Task material:
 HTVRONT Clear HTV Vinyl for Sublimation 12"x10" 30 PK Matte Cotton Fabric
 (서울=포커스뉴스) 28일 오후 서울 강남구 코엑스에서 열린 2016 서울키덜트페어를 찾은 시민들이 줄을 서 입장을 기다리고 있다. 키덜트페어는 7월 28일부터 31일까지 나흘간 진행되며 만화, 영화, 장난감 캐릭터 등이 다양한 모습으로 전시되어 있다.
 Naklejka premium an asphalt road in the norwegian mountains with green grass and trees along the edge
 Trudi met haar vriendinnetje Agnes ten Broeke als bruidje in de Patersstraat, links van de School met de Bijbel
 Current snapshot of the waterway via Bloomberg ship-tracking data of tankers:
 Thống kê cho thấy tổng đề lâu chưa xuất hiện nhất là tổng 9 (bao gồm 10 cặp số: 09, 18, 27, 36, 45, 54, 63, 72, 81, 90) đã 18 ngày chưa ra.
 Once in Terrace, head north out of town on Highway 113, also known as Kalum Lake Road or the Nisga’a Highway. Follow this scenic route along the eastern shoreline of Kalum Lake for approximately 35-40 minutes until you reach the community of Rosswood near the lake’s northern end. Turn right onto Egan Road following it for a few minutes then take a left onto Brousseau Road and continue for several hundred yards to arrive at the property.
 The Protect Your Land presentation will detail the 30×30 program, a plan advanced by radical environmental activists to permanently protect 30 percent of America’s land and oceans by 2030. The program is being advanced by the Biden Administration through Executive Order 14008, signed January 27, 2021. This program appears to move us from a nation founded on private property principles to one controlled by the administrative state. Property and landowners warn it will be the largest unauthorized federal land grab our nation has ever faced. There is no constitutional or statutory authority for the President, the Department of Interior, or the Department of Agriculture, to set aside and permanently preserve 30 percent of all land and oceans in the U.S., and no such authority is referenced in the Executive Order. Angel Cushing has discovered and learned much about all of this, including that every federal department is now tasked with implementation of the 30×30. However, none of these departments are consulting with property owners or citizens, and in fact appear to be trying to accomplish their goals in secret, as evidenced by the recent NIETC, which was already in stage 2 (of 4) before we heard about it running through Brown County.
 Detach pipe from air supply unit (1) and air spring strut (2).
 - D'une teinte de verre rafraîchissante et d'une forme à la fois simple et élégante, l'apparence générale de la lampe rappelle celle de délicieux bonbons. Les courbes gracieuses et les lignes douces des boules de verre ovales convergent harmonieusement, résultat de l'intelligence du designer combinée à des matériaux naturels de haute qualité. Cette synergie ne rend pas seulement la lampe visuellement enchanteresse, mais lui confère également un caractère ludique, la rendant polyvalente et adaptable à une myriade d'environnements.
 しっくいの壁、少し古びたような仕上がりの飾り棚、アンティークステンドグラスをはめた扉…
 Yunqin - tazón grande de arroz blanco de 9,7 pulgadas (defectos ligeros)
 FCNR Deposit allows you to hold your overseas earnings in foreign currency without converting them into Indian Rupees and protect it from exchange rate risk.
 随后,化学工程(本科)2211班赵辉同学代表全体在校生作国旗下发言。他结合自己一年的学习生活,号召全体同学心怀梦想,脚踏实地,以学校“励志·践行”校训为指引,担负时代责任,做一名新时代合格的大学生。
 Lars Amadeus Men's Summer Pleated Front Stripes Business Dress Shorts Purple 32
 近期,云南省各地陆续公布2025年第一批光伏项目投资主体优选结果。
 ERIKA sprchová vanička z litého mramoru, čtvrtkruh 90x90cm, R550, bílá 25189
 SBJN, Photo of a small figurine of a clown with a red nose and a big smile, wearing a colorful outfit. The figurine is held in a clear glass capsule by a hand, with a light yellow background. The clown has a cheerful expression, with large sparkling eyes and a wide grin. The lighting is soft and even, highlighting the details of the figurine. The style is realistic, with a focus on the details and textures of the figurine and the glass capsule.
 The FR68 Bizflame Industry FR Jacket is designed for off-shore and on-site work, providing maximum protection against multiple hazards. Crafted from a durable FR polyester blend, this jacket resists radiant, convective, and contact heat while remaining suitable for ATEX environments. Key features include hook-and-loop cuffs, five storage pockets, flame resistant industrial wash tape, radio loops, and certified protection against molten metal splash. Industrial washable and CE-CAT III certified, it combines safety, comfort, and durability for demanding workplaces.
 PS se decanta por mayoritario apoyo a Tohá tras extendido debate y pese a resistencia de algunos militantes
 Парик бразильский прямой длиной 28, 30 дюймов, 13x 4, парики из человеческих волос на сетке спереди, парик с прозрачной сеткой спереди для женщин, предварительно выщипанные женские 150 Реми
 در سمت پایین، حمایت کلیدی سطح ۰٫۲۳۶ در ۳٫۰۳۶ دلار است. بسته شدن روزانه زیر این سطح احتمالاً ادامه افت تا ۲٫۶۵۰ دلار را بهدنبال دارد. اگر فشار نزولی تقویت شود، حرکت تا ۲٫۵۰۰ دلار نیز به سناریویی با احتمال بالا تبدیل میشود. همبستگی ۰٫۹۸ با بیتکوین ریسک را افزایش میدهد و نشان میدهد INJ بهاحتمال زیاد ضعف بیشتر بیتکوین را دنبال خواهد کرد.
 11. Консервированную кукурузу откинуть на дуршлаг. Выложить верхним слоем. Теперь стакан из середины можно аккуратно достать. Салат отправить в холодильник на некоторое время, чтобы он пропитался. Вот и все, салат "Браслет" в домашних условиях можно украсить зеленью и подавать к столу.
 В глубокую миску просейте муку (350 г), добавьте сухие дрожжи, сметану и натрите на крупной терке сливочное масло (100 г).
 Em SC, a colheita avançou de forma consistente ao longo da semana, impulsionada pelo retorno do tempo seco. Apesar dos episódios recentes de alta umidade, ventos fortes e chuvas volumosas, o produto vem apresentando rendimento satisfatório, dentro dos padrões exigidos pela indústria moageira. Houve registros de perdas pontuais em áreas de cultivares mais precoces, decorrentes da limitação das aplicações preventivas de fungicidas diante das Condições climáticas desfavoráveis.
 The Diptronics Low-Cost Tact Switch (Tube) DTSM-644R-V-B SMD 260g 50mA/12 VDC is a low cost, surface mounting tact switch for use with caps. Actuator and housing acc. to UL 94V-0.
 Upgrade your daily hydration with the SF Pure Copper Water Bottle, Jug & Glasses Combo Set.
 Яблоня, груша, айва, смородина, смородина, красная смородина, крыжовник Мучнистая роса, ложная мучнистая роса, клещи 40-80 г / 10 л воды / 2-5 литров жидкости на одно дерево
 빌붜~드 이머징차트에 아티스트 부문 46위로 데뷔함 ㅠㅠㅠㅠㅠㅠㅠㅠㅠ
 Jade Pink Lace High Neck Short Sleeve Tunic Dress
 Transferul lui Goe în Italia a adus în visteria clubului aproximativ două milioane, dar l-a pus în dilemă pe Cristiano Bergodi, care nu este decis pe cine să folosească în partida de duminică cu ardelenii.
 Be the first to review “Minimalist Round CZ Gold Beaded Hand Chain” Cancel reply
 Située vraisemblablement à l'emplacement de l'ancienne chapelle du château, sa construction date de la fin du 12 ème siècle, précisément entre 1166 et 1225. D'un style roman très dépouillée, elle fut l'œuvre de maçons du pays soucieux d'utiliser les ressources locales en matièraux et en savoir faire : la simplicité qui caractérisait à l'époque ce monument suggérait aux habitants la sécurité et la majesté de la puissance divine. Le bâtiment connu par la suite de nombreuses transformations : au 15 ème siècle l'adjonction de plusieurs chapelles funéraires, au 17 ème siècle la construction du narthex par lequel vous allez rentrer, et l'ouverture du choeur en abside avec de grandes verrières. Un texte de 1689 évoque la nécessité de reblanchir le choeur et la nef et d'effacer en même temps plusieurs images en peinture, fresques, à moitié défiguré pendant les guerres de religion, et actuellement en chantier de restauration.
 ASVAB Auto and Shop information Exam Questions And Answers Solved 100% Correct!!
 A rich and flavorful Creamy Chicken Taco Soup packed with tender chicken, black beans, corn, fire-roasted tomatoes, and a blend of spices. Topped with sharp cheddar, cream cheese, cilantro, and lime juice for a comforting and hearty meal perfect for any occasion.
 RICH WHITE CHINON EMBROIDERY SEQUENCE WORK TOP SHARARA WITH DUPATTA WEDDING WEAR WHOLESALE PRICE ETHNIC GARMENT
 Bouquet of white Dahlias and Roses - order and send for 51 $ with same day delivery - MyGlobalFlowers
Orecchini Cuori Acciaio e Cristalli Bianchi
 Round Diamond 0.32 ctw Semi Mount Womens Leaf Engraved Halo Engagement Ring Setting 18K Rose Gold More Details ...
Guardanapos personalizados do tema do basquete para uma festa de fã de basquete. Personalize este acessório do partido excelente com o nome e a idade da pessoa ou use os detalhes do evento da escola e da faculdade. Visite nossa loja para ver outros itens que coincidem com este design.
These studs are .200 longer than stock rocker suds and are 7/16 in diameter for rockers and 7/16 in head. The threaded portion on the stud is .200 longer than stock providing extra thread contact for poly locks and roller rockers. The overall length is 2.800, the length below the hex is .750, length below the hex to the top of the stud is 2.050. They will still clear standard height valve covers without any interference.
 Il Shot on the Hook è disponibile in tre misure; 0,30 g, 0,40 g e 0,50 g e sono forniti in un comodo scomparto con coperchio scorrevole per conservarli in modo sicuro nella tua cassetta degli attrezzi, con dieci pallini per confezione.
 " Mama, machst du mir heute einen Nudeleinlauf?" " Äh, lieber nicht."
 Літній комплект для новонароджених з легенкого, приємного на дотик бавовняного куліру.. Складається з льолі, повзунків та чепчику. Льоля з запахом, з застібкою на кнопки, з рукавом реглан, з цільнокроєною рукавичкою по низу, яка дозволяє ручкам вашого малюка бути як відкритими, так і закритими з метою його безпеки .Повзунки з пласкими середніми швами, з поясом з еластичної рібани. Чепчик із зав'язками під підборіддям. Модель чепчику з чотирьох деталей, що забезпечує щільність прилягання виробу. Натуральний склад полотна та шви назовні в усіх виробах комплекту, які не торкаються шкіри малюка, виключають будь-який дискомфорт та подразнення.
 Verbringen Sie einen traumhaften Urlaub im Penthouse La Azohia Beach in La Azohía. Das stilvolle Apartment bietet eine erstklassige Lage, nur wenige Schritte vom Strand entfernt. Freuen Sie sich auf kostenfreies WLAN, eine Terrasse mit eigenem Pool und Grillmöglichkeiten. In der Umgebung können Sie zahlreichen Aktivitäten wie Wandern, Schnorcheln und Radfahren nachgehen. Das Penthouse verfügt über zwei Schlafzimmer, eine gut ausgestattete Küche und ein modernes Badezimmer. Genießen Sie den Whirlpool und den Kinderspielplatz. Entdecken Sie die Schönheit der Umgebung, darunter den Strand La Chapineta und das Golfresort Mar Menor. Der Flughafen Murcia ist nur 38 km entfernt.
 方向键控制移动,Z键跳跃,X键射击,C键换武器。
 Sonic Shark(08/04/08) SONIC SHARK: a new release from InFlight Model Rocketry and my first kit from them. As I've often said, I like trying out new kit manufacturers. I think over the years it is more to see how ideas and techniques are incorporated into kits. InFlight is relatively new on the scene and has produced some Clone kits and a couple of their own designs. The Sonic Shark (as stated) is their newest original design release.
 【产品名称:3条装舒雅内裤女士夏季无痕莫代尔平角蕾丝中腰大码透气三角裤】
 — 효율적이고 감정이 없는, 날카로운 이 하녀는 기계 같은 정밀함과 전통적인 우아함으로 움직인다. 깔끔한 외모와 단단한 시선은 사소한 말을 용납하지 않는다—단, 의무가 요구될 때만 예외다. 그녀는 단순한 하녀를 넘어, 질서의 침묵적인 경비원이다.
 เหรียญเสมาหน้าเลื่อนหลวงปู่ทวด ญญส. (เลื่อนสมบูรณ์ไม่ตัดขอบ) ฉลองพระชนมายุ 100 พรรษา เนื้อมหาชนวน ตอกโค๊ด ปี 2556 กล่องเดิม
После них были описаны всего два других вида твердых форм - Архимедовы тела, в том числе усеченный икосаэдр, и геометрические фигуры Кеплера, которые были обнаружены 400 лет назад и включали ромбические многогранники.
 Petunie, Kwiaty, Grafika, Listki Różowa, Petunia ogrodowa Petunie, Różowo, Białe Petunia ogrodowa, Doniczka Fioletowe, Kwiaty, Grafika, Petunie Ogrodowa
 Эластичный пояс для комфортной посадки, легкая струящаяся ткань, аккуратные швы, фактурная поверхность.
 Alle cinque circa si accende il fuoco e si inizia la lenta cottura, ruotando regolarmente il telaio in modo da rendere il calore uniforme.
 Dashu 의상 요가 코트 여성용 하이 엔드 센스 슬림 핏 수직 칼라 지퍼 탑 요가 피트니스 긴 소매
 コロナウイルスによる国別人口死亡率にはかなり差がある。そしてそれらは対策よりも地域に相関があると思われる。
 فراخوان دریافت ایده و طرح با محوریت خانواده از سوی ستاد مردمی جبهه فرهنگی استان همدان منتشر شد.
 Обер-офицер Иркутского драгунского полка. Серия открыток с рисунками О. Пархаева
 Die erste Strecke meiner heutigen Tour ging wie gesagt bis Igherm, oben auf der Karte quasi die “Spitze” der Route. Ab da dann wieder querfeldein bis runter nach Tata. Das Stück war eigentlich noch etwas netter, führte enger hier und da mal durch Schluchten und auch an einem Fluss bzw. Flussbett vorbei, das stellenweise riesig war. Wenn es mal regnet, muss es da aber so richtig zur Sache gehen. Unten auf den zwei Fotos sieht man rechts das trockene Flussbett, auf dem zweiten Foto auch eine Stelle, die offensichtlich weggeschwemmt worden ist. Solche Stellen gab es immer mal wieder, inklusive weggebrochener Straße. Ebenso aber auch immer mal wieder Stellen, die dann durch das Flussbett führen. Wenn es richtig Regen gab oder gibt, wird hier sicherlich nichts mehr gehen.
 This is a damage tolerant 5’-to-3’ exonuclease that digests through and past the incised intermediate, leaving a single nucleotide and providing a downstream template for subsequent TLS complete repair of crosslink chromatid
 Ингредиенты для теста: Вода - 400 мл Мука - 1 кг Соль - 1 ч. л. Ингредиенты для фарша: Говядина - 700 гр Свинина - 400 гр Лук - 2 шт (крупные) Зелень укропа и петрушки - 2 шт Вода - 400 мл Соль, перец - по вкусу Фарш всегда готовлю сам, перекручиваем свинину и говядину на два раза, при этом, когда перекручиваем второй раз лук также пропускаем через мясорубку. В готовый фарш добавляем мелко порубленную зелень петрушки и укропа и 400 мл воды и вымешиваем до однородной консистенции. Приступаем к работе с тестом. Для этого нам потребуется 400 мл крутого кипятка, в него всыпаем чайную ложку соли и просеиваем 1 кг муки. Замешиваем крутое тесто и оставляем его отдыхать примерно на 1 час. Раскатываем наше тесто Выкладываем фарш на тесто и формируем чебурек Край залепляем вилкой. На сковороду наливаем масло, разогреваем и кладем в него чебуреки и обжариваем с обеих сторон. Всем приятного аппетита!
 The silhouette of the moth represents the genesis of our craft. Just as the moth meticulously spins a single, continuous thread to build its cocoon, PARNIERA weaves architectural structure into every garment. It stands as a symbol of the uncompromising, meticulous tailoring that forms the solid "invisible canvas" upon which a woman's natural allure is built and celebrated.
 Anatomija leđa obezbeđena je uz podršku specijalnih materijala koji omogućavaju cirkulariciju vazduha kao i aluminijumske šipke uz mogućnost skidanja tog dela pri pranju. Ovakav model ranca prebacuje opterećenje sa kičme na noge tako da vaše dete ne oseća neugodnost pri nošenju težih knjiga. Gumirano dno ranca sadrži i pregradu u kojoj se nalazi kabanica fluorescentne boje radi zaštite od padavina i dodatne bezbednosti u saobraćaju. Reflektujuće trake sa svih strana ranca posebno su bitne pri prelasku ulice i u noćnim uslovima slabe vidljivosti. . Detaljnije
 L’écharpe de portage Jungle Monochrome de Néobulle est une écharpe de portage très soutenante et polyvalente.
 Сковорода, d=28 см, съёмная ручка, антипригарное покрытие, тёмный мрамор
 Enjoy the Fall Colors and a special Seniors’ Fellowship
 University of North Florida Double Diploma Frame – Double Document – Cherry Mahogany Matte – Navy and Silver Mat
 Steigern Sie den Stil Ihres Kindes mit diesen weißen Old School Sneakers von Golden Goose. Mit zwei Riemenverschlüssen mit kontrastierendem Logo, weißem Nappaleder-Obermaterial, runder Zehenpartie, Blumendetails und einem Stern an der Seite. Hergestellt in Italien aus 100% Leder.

Your goal: Each line from the first line of the entries up to and including the line containing "Thống kê cho" should be transcribed exactly, with all other lines left out.

Answer for this exercise:
 HTVRONT Clear HTV Vinyl for Sublimation 12"x10" 30 PK Matte Cotton Fabric
 (서울=포커스뉴스) 28일 오후 서울 강남구 코엑스에서 열린 2016 서울키덜트페어를 찾은 시민들이 줄을 서 입장을 기다리고 있다. 키덜트페어는 7월 28일부터 31일까지 나흘간 진행되며 만화, 영화, 장난감 캐릭터 등이 다양한 모습으로 전시되어 있다.
 Naklejka premium an asphalt road in the norwegian mountains with green grass and trees along the edge
 Trudi met haar vriendinnetje Agnes ten Broeke als bruidje in de Patersstraat, links van de School met de Bijbel
 Current snapshot of the waterway via Bloomberg ship-tracking data of tankers:
 Thống kê cho thấy tổng đề lâu chưa xuất hiện nhất là tổng 9 (bao gồm 10 cặp số: 09, 18, 27, 36, 45, 54, 63, 72, 81, 90) đã 18 ngày chưa ra.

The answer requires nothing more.